Rooftop PV systems are estimated to be capable of meeting between 25% and 49% of electricity demand around the world [3], offering a viable solution to reduce land-use pressures and limit environmental impacts.
The Italian Integrated National Energy and Climate Plan [4] foresees, by 2030, significant growth in the use of heat pumps for heating and cooling, as well as greater electrification of residential energy consumption. In this context, Palladino and Calabrese [5] assessed Italy’s rooftop PV potential, excluding additional land consumption. They estimated that approximately 450 km2 of suitable rooftop area could accommodate over 72 GW of capacity, potentially generating more than 79,000 GWh annually.
However, their scenario analysis reveals significant challenges. Under the most probable projections, installed rooftop capacity would reach only 6 GW by 2030, just 11.5% of the Italian target, covering merely 10% of residential demand (≈6200 GWh). By 2050, this share could rise to 38%, still below national and European goals. Only under optimistic scenarios, supported by long-term incentives, rooftop PV could approach 50% of residential electricity consumption by mid-century.
While these figures describe the maximum technical potential based on available rooftop area, actual adoption depends on socio-economic factors and consumer behaviour. Simulation results presented by Danielis et al. [6] suggest that by 2030, around 44% of homeowners in Italy will have installed PV systems or PV systems combined with ESS. Among these adopters, approximately 75% are expected to include an ESS. By contrast, 56% of homeowners are projected to remain entirely dependent on grid electricity. Taking into account the stochastic nature of adoption, the share of households installing both PV and ESS by 2030 is estimated to range between 34.3% and 38.1%, with an average around 35.8%.

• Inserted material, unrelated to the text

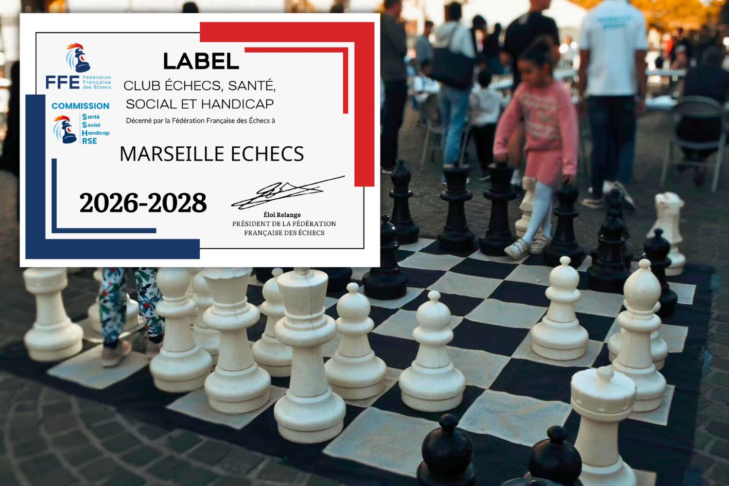 En novembre 2025, la Commission Santé, Social, Handicap et RSE de la FFE a lancé un nouveau label pour valoriser les actions des clubs qui s'engagent dans une pratique des Échecs visant l'amélioration de la santé, de la vie sociale et de la gestion du Handicap. Par leurs actions, ils participent à la dynamique faisant de notre sport un formidable outil pour traiter les enjeux de société liés au bien-être, à l'inclusion et au lien social. Pour Marie-Pierre Cottineau de l'AEPA, "Demander le label SSH était une évidence. Cette initiative constitue un facteur essentiel d'intégration des personnes en situation de handicap dans la société !"

On this point, Alshareef and Maghrabie [7] provided a comprehensive analysis of Building-Integrated Photovoltaics combined with multiple ESS technologies, including electrochemical, mechanical, thermal, and hydrogen-based solutions, highlighting their respective advantages, limitations, and economic implications. This broader perspective confirms that while batteries remain the most common option for residential applications, alternative or hybrid storage strategies can play a critical role in enhancing flexibility, reducing grid dependency, and supporting the transition toward zero-energy buildings.
Ref. [8] emphasises the importance of flexible buildings that integrate solar PV systems with ESS, heat pumps, electric vehicles, and smart energy management systems in strengthening the electricity system. Such building-based solutions could cover over half of the EU’s daily flexibility needs (52%), as well as approximately one-third of its weekly (35%) and annual (29%) requirements.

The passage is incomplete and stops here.